# Too Much MOLD? in culture???



## frankrom (Jan 14, 2012)

Hi Guys...

I made a culture of dwarf white isopods... 

substrate is an abg type mix with crumbled up leaf litter.

I crushed and sprinkled very high end dog food over top of the culture.... and just for the sake of adding a cleaned mushroom i threw that in to see if they would eat it.

I opened the culture today and there looked to be A LOT OF MOLD!

See the attached picture...t his is my first time making a culture so i'm a bit worried... is tihs too much mold? should i remove it?

I dug around a bit under the mold and there seems to be a lot of dwarf white isopods... seems like the culture is doing well...

please let me know your thoughts...


----------



## bakaichi (Jun 27, 2009)

When was the culture made ?
if there are a lot of iso it should be no problem.


----------



## frankrom (Jan 14, 2012)

bakaichi said:


> When was the culture made ?
> if there are a lot of iso it should be no problem.
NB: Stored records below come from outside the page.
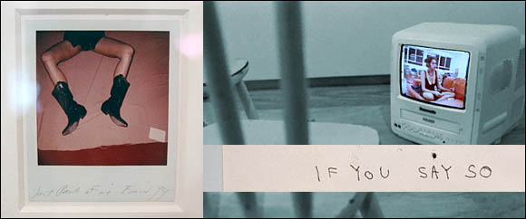 right: "The Interview" 1999, video, monitor, two chairs, two pair slippers (detail)
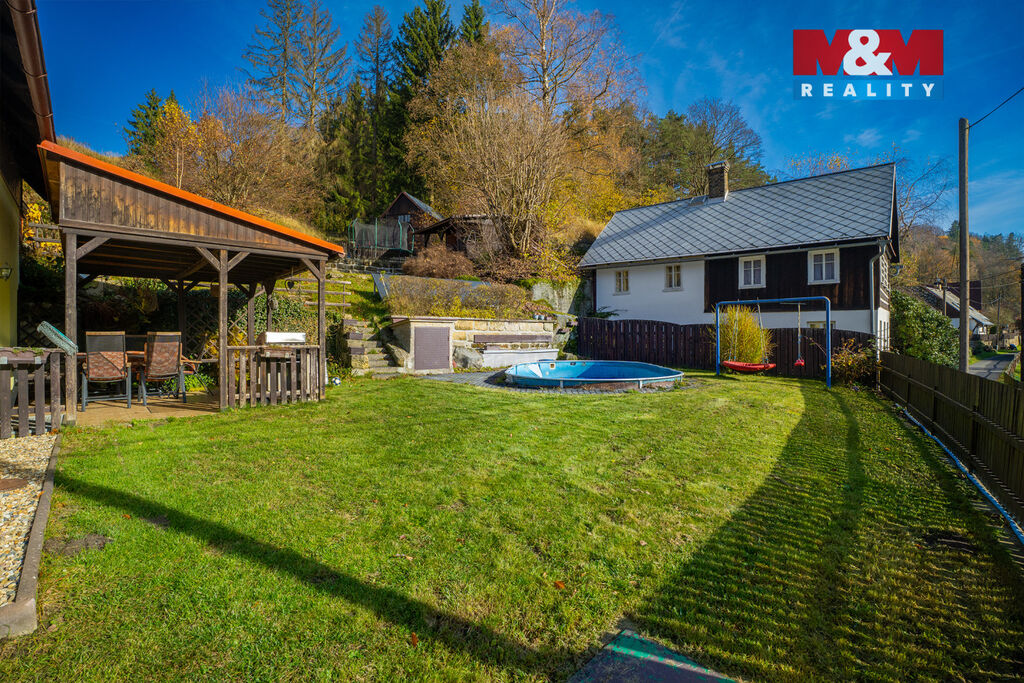 Hledáte ideální místo pro rekreaci a odpočinek uprostřed krásné přírody? Představujeme vám rekreační dům v malebném prostředí Horního Prysku (CHKO Lužické hory) je ideální základnou pro aktivní odpočinek i klidné rodinné chvíle. Na pozemku o celkové rozloze 1266 m2 se nachází oplocené rovné hřiště pro děti v horní části zahrady, zastíněná terasa pro relax, skalní sklep pro úschovu dobrot a jiné. Chalupa je s vybavením, vytápěna kotlem na pevná paliva s rozvody do radiátorů, voda z veřejného řádu ohřívaná pomocí bojleru napojeného na kotel, odpadní vody svedeny do septiku. V přízemí se nachází vstupní chodba, obývací pokoj s krbem, jídelna s kuchyní a koupelna s toaletou. V patře dva pokoje a vstup na zahradu, v podkroví jedna místnost na spaní. V okolí naleznete nespočet tras (Střední vrch, Meixnerova stezka, Panská skála), snadný přístup na Lužickou běžkařskou magistrálu a blízko ke Ski areálu Polevsko. Pro další informace a domluvení prohlídky volejte makléře.
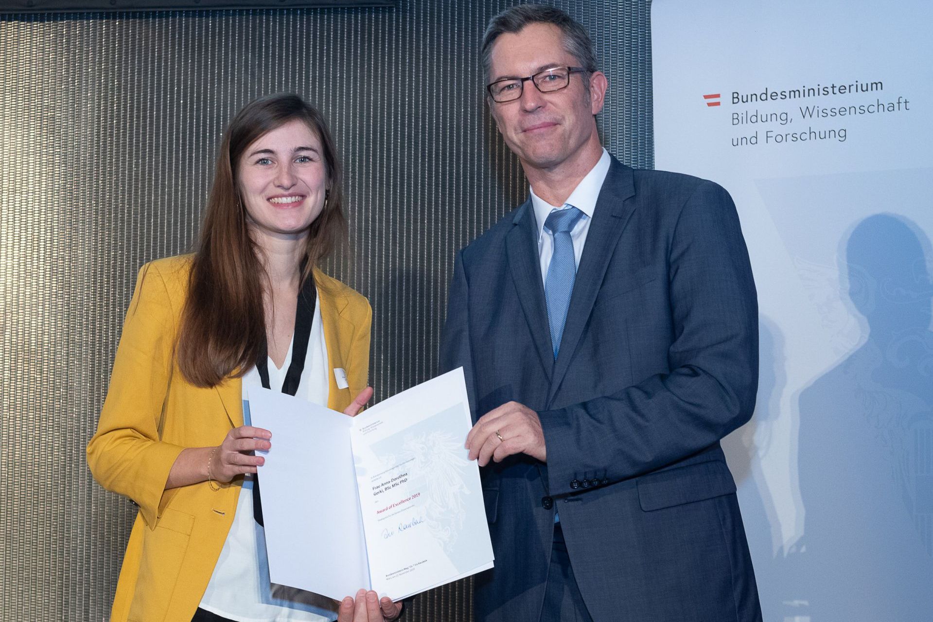 Der Award of Excellence des Bundesministeriums für Bildung, Wissenschaft und Forschung wird seit 2008 an die 40 besten Absolventinnen und Absolventen von Doktoratsstudien der wissenschaftlichen und künstlerischen Universitäten des vergangenen Studienjahres vergeben. Die Vorschläge dafür kommen von den Universitäten.
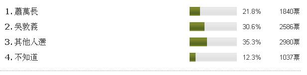 臺(tái)灣Yahoo!奇摩網(wǎng)在馬英九2012副手民調(diào)選項(xiàng)中設(shè)置4個(gè)選項(xiàng)。一是支持蕭萬長(zhǎng);一是支持吳敦義;一是其他人選;一是不知道。經(jīng)過8443人的投票,結(jié)果于今日出爐。
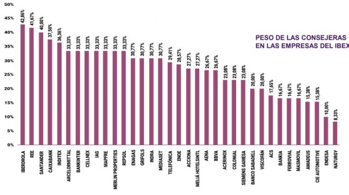 Solo hay tres empresas del Ibex 35 que alcanzan el 40% de presencia femenina en sus consejos: Iberdrola, Red Eléctrica y Santander. En el lado contrario se sitúa Naturgy —antigua Gas Natural— que solo tiene el 8%.

The culture was made on Sunday night....

there was no mold in there yesterday... it just exploded with mold overnight...

the culture does look like it is doing well considering it was made a few days ago... i am seeing activity.


Thoughts???


----------



## Pumilo (Sep 4, 2010)

Isopod and springtail cultures are kept warm, moist, and stagnant. You are going to get some mold. Usually it's no big deal. Don't feed again until most of it clears out. You will quickly get the hang of how much you can feed and how often. If you try to remove it, you will probably be pulling a bunch of isopods out along with it.


----------



## Neontra (Aug 16, 2011)

Well, I think you might of added too much dog food. I usually feed fish flakes and it looks like that with too much. Your isos will clean it up in a few days, no prob.


----------



## Shinosuke (Aug 10, 2011)

I put springtails in my iso cultures. I don't know if it's recommended or even a good thing to do but I like knowing that there's something that will eat the occasional mold that pops up in those cultures.


----------